(Saved entries)
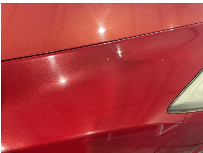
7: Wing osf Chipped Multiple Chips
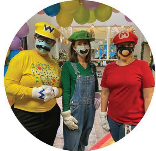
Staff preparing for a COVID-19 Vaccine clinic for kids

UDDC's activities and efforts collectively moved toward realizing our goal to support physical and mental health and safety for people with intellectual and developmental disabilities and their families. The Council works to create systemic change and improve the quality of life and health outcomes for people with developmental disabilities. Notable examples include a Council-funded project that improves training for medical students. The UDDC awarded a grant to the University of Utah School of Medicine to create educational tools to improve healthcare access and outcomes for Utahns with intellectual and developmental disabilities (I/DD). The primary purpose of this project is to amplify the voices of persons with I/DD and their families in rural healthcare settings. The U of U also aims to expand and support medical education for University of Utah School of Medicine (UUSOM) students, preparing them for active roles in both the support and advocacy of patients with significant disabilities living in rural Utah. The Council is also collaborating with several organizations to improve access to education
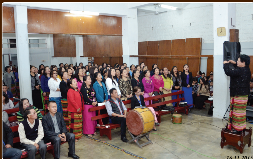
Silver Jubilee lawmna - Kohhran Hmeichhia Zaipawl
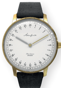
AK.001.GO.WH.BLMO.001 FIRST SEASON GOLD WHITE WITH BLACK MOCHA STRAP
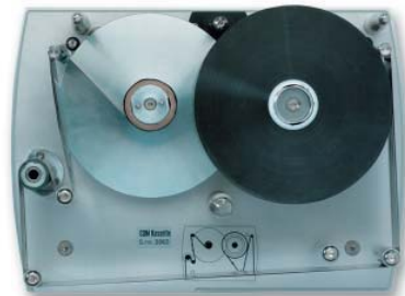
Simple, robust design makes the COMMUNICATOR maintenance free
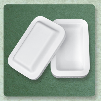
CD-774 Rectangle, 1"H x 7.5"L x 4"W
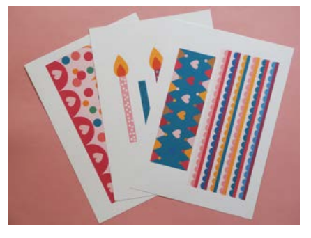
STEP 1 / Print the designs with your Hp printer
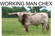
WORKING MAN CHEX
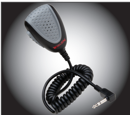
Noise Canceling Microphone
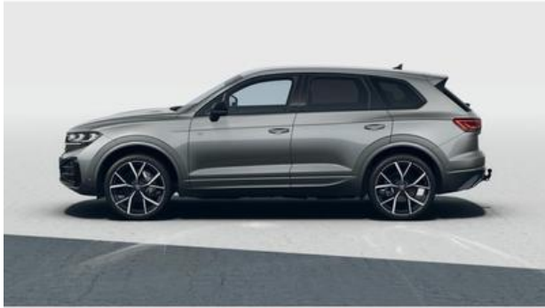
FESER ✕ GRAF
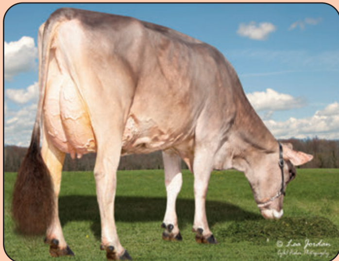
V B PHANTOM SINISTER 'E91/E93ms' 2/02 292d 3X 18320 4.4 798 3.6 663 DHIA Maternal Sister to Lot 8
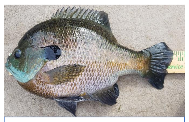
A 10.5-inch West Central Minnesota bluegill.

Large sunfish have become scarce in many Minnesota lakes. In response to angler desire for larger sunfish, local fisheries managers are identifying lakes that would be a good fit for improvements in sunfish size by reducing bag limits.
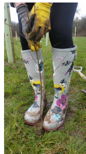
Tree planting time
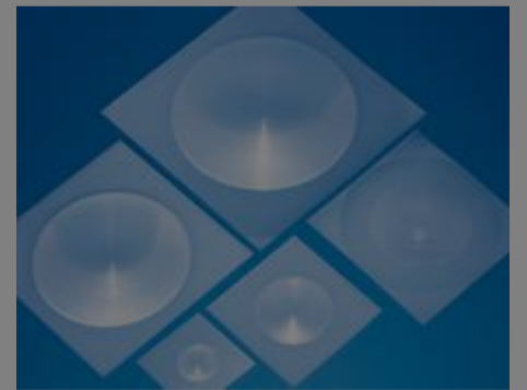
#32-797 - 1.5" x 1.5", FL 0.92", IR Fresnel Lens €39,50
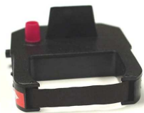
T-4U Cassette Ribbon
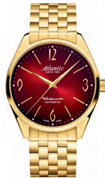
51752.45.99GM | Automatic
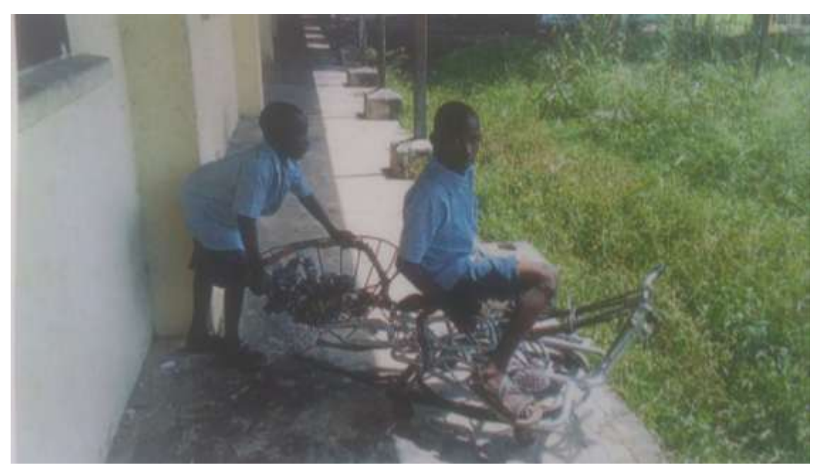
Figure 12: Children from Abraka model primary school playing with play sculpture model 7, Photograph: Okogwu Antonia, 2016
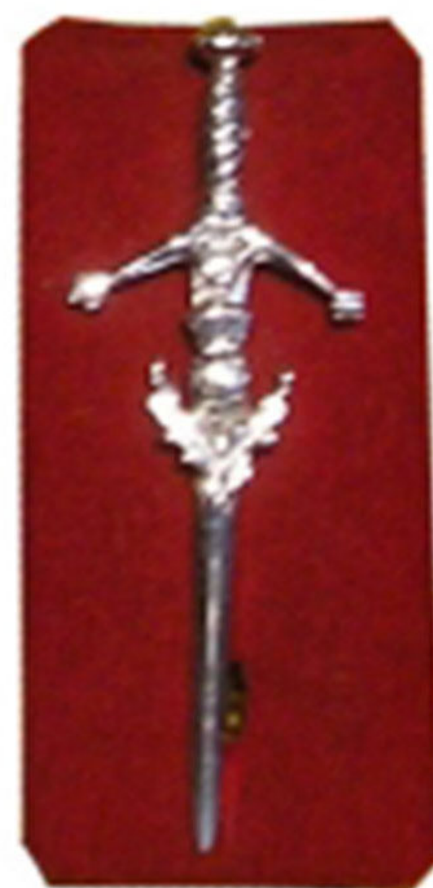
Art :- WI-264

** About this task **
Exactly repeat only the lines from the one with "Tree planting time" to the closing line above, both included, and omit every picture.

** Response **
Tree planting time
#32-797 - 1.5" x 1.5", FL 0.92", IR Fresnel Lens €39,50
T-4U Cassette Ribbon
51752.45.99GM | Automatic
Figure 12: Children from Abraka model primary school playing with play sculpture model 7, Photograph: Okogwu Antonia, 2016
Art :- WI-264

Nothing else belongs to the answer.